Yesterday, Newt Gingrich got asked on Meet the Press if there were any racial undertones to his recent statement that Barack Obama is a "food-stamp president." Newt reacted with outrage. "Oh come on, David," he said. "That's bizarre." He did go on, however, to say that Obama "follows the same destructive political model that destroyed the city of Detroit. Now tell me, when I say, "Detroit," what kind of people pop into your head? Adam gets Newt's method exactly right:
I don't think Gingrich lacks the sophistication to understand how it sounds when he calls for poll tests and refers to the first black president as "the food stamp president." He's playing a game designed to produce precisely the sort of exchange you see above: Gingrich says something bound to prick up the ears of liberals sensitive to racialized attacks on the president, Gingrich is then asked about his remarks, then he gets to play the victim of a politically correct world where liberals try to stifle all criticism of Obama by characterizing any such criticism as racism. His dogwhistle is thus amplified by enraged liberals, while conservatives get to play up their own form of racial grievance politics.
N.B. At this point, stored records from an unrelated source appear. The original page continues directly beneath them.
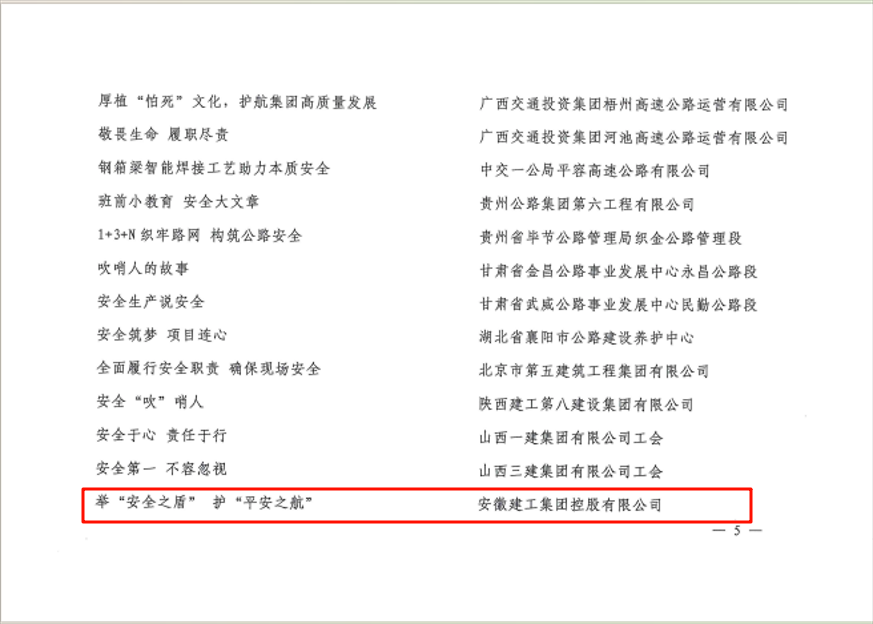 近期,中國海員建設工會全國委員會通報了2024年全國交通建設系統“安康杯”競賽安全管理60項優秀成果,由集團公司和建工三建共同制作的視頻作品《舉“安全之盾” 護“平安之航”》,從全國交通建設系統的253項成果中脫穎而出,獲評“安康杯”競賽安全管理優秀成果。
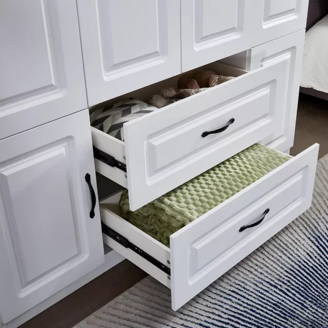 Its crisp white finish with subtle embossing and chic black metal handles makes it a stylish centerpiece that complements both contemporary and minimalist bedrooms. With a height of nearly 71 inches and a width of 63 inches, this tall cabinet offers ample room to house everything from seasonal coats to your daily essentials.
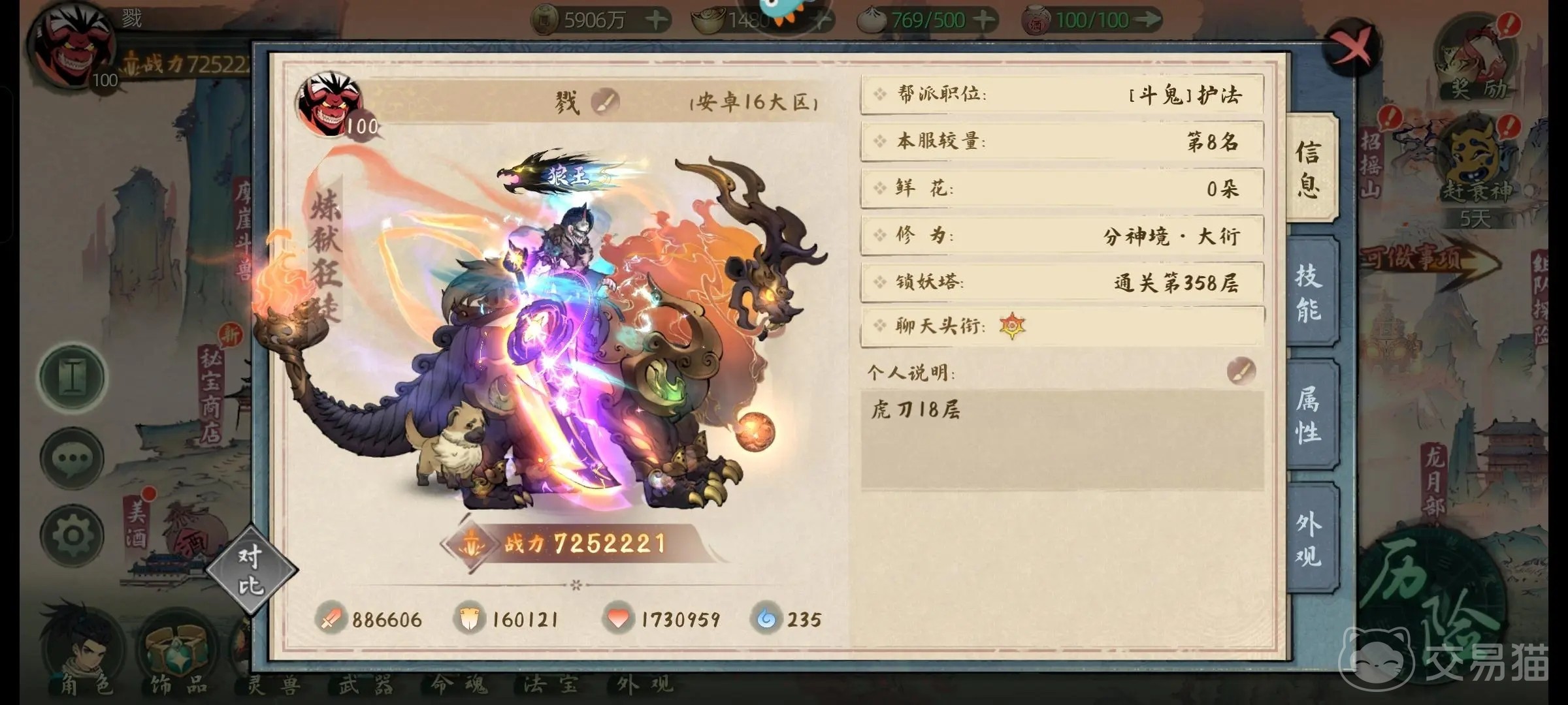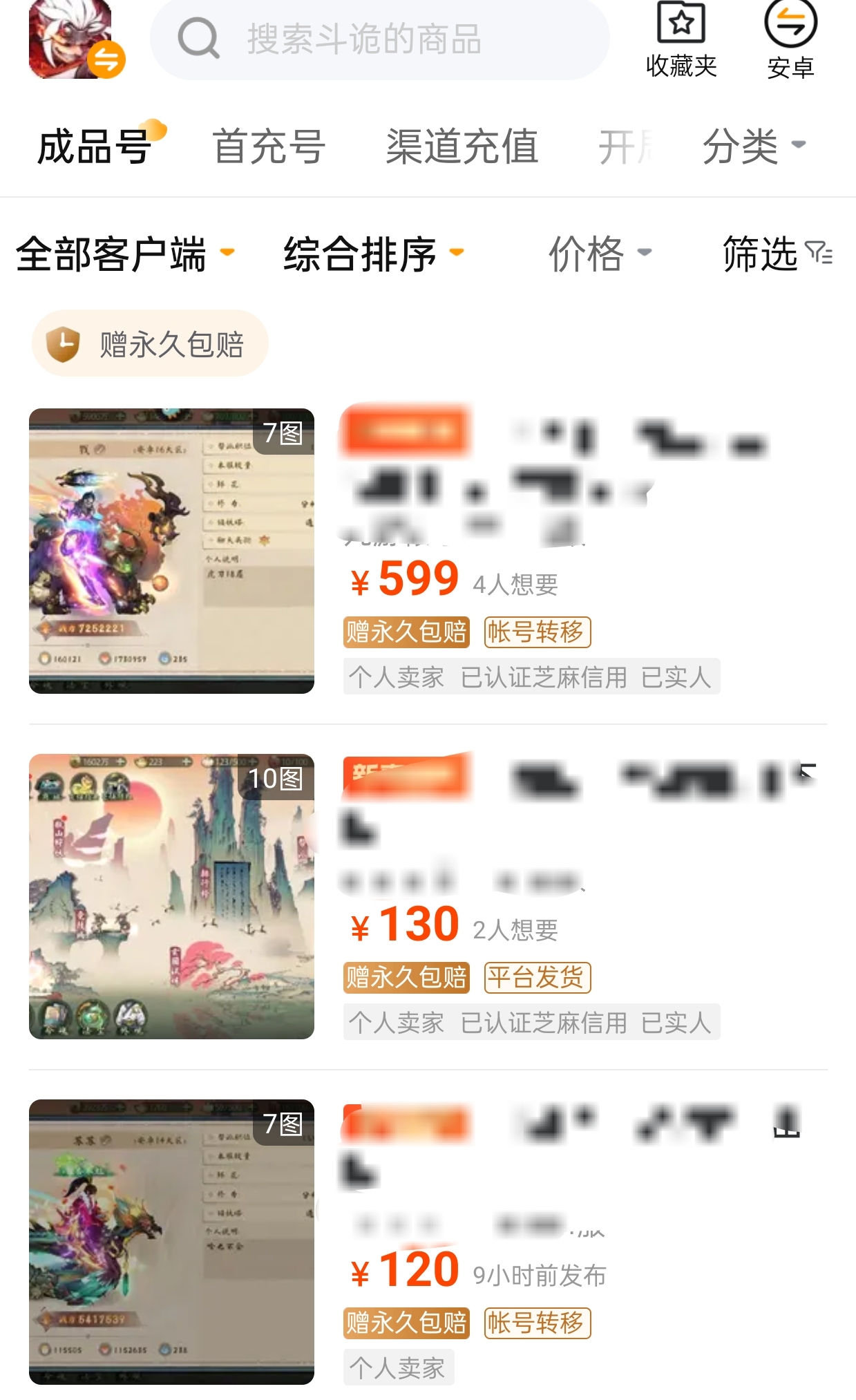 在交易貓上,你可以找到各種類型的《斗詭》賬號,無論是高等級、高戰(zhàn)力的角色,還是擁有稀有裝備、道具的賬號,應(yīng)有盡有。你可以根據(jù)自己的需求,輕松挑選到心儀的賬號。在琳瑯滿目的賬號中,總有一款會正中你的下懷。
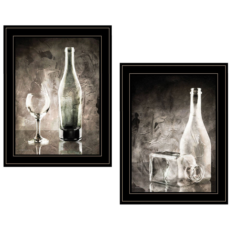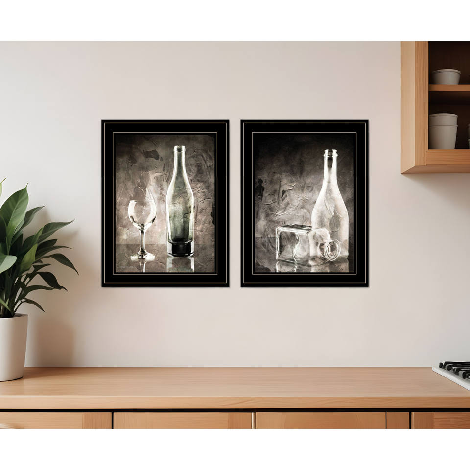 HMS Set of Two Moody Gray Glassware Still Life 3 Black Framed Print Kitchen Wall Art Decal
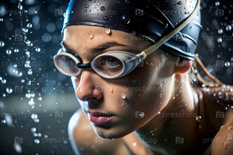Спортивное плавание. Женское плавание. Спортсменка, которая носит очки для плавания в бассейне во время соревнований на близком расстоянии. Женщина смотрит прямо в камеру
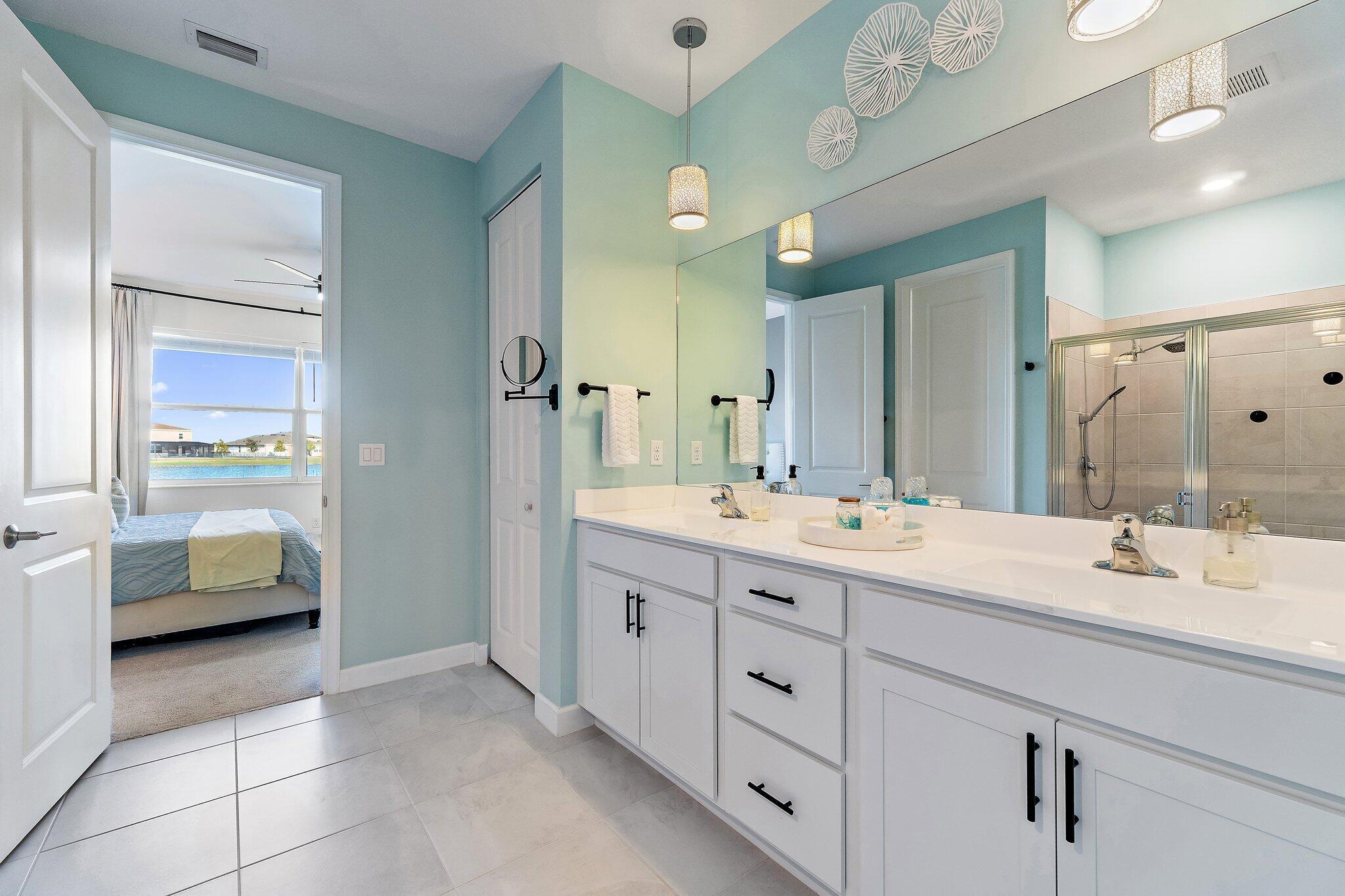Welcome to your Copper Creek dream home! This one-level Lincoln model offers 4 bedrooms plus a den/office on a stunning lakefront lot. Upgrades include a freshly painted interior, motion-sensor lighting, zoned irrigation, a sealed driveway, stamped patio, and UV-C air-quality enhancement. Enjoy an open floorplan with split bedrooms, a chef's kitchen with stainless appliances, quartz counters, elegant fixtures, and a large walk-in pantry with custom door. The spacious great room flows into the dining area and is thoughtfully designed for entertaining. The owner's suite features lake views, dual sinks, and a walk-in closet. Fully fenced large backyard with room for a pool. Enjoy lake views and sunsets under the pergola! A rare 3-car garage and extended paver driveway provide ample parking.
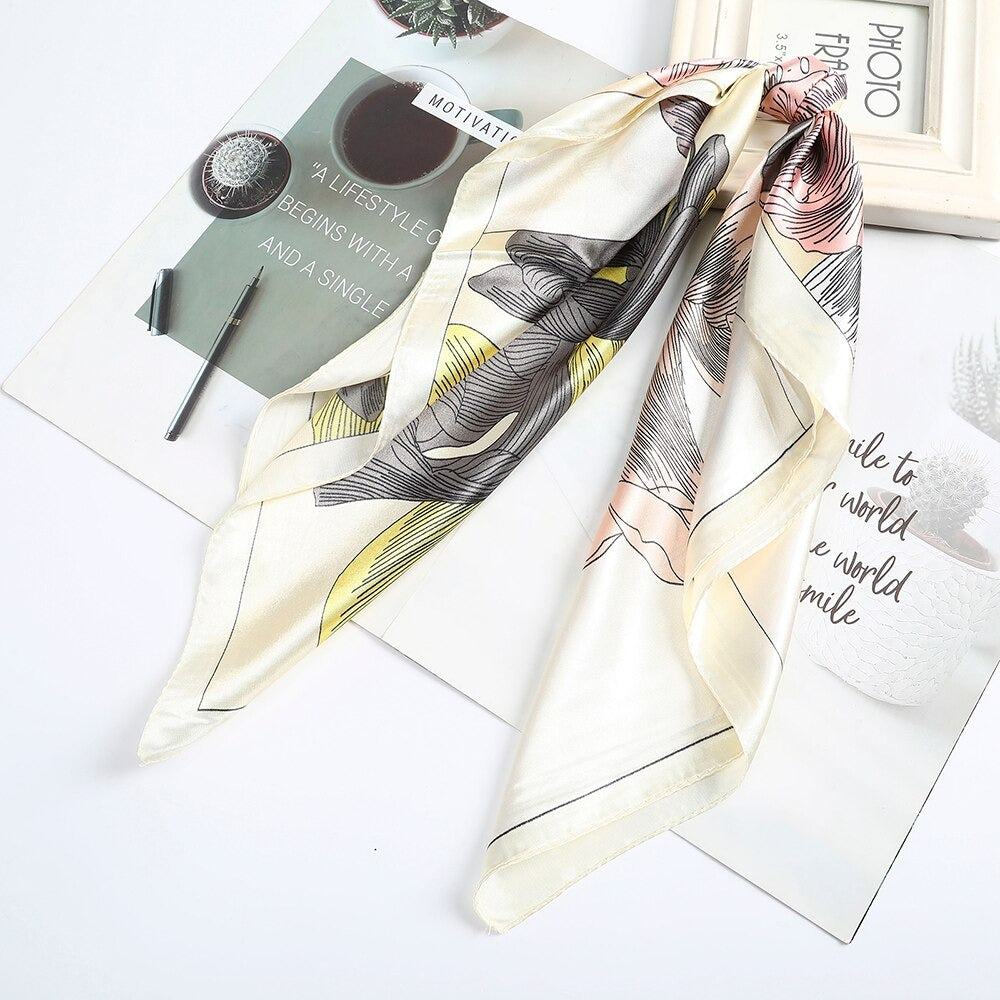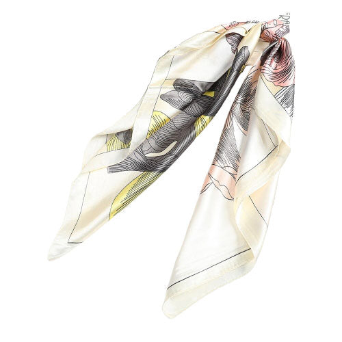Mime-se com um lindo lenço de cabelo inspirado em padrões poéticos e abstratos. Um estilo delicado e primaveril para este bonito lenço em tons de branco, rosa-claro e cinzento.
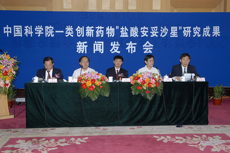 5月31日,由上海药物所研制的一类创新药物“盐酸安妥沙星”研究成果新闻发布会在京举行。新闻发布会由中科院新闻发言人、办公厅主任蒋协助主持。中科院副院长李家洋院士、卫生部科技教育司副司长何维、科技部生物技术发展研究中心主任王宏广、中科院生物局局长张知彬、副局长苏荣辉、上海分院副院长朱志远、上海生科院副院长张旭、上海药物所原所长、所学术委员会主任陈凯先院士、上海药物所所长丁健、党委书记成建军、蚌埠市副市长何娅及安徽环球药业董事长王祥等出席新闻发布会。首都19家新闻媒体参加了新闻发布会。
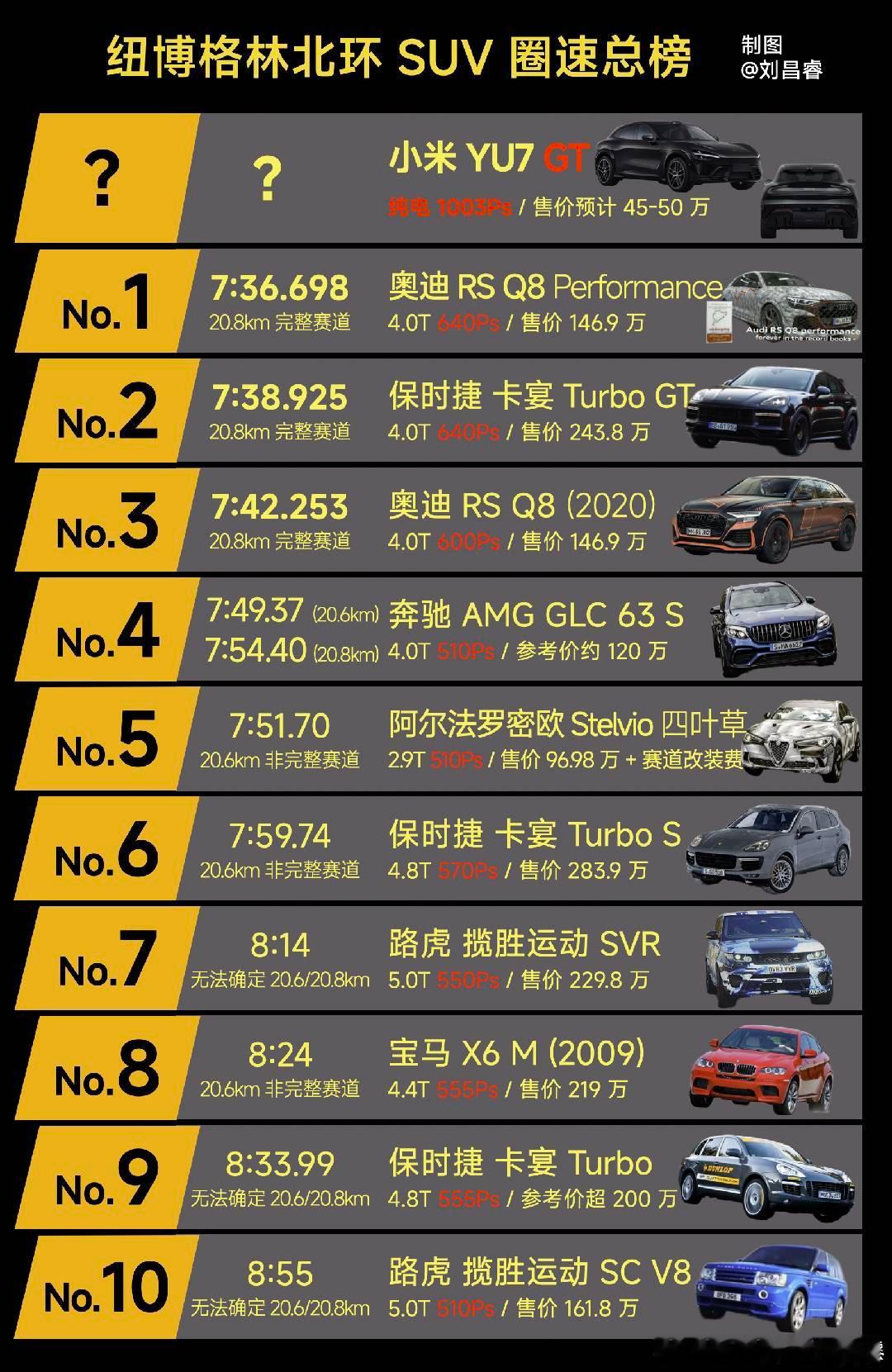 这台车之前一直在纽北刷圈跑赛道,纽北赛道调校加持没跑了,不知道圈速能不能干掉一两百万的奥迪 RS Q8 Performance ( 7 分 36 秒 698 )和保时捷卡宴 Turbo GT 以( 7 分 38 秒 925)
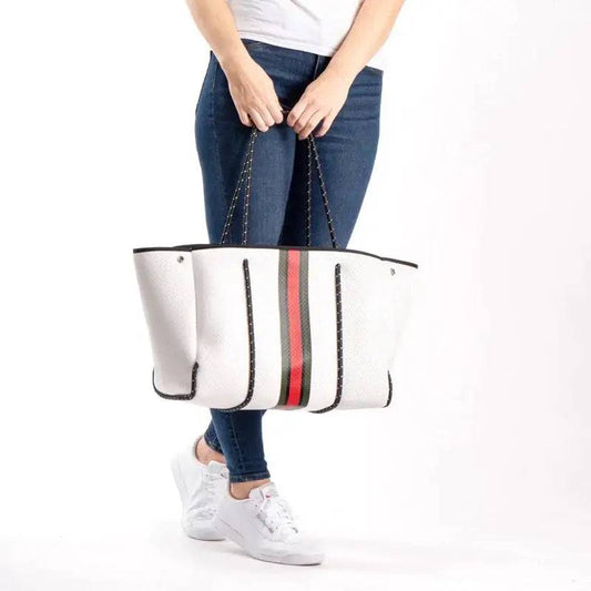 Introducing the Grayson Tote Bags Hawaii, the ultimate choice for stylish and elegant bags that make a statement. Made from high-quality neoprene, these bags are not only durable but also waterproof, making them the perfect accessory for a day at the beach or a weekend getaway.
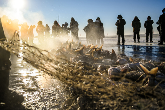 晨曦微露,白茫茫的查干湖面鋪上一層暖色,漁民們齊聲喊著號子,用“冰镩子”打出冰窟,將長桿沿著冰窟把漁網送進水里。七八個小時后,清脆的揚鞭聲中,八匹馬喘著粗氣拉動絞盤,漁網一寸寸從冰窟里浮出水面,數萬斤魚在氤氳的水氣中連蹦帶跳地被拉上冰面。游客沸騰了,拍照、選魚、直播……兩個小朋友抬起一條30斤的胖頭魚,快樂歡呼。
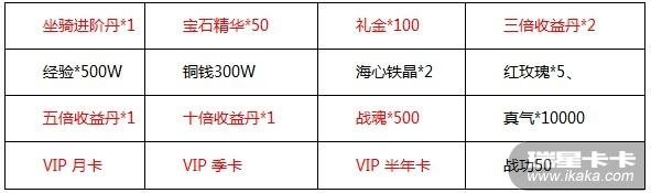 Ø 充值活动三:活动期间内,每次充值满2000元宝,均可免费领取以下道具:
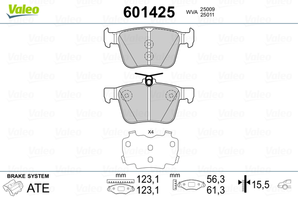 VALEO 601425 - Sada brzdových destiček, vždy 4 kusy v sadě

This is old hat for Gingrich. You may remember that in 1994, Bill Clinton proposed a large crime bill with many features in it, including money to hire 100,000 new police officers. But when Gingrich mounted his campaign against it, he focused on one tiny element: "midnight basketball," something that actually began under the George H.W. Bush administration, to give kids at risk of joining gangs something else to do. Midnight basketball, Gingrich argued relentlessly, told you everything you needed to know about Clinton's plans to give your hard-earned money to people who didn't deserve it. "Midnight basketball" became the "welfare queens" of the 1990s.
To repeat something I've said before, what he did when he was in Congress and what he's doing now doesn't make Newt a racist. What's in his heart is unknowable and irrelevant. But he knows how to pick at the scab of racial resentment with the best of them.